» **DATA TO PROCESS**

= = = = = = =

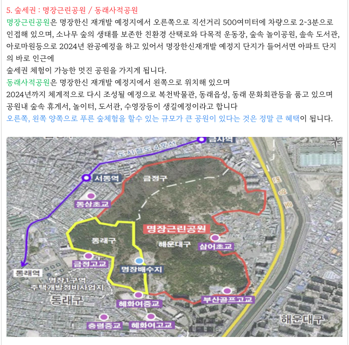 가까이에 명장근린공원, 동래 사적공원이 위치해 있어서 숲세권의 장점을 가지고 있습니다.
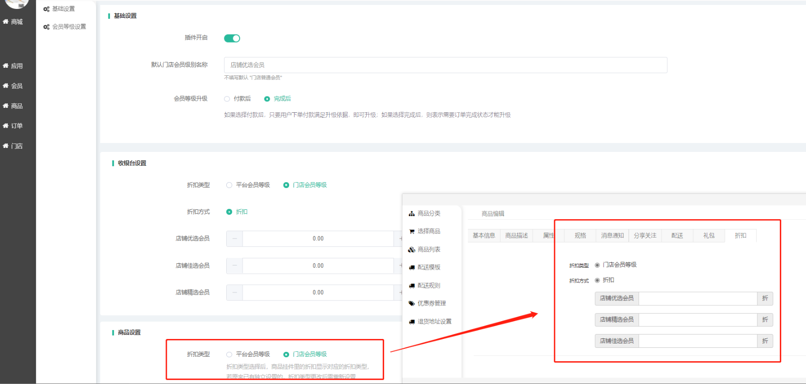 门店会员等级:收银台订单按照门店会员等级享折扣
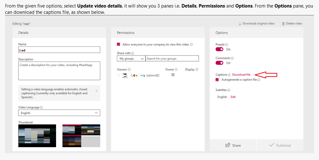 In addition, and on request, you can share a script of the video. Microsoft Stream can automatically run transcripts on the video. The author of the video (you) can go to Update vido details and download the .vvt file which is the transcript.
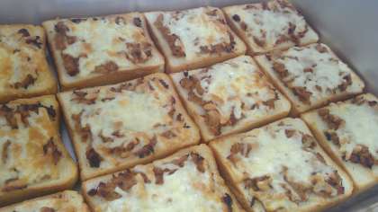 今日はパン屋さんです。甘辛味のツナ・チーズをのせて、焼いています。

= = = = = = =

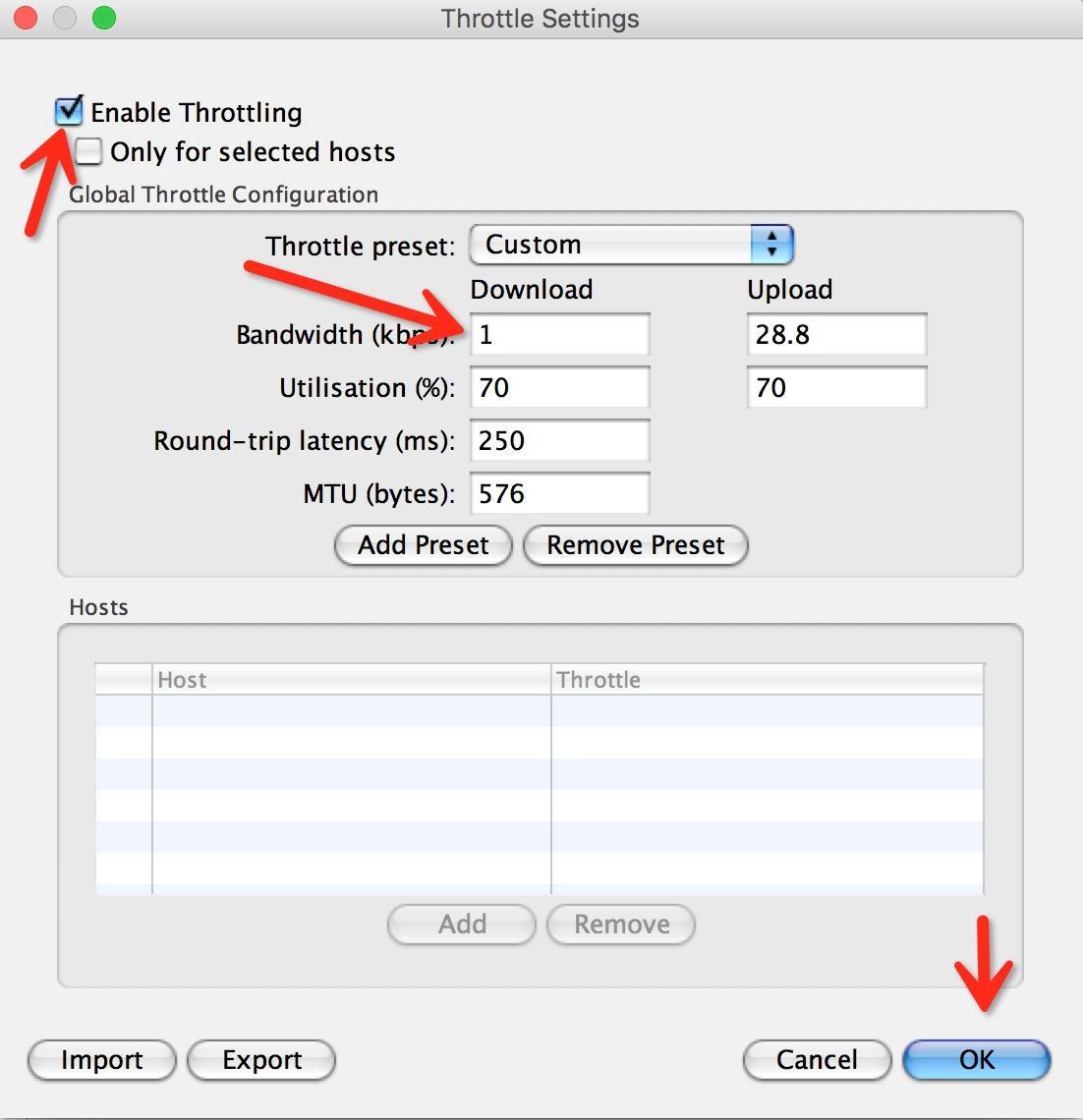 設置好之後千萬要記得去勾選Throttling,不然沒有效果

= = = = = = =

» **THE PROBLEM**
Copy only what runs above from the line containing "가까이에 명장근린공원, 동래" through the line containing "今日はパン屋さんです。甘辛味のツナ・チーズをのせて、焼いています。", exactly. Leave out the pictures.

» **THE COMPLETED TASK**
 가까이에 명장근린공원, 동래 사적공원이 위치해 있어서 숲세권의 장점을 가지고 있습니다.
 门店会员等级:收银台订单按照门店会员等级享折扣
 In addition, and on request, you can share a script of the video. Microsoft Stream can automatically run transcripts on the video. The author of the video (you) can go to Update vido details and download the .vvt file which is the transcript.
 今日はパン屋さんです。甘辛味のツナ・チーズをのせて、焼いています。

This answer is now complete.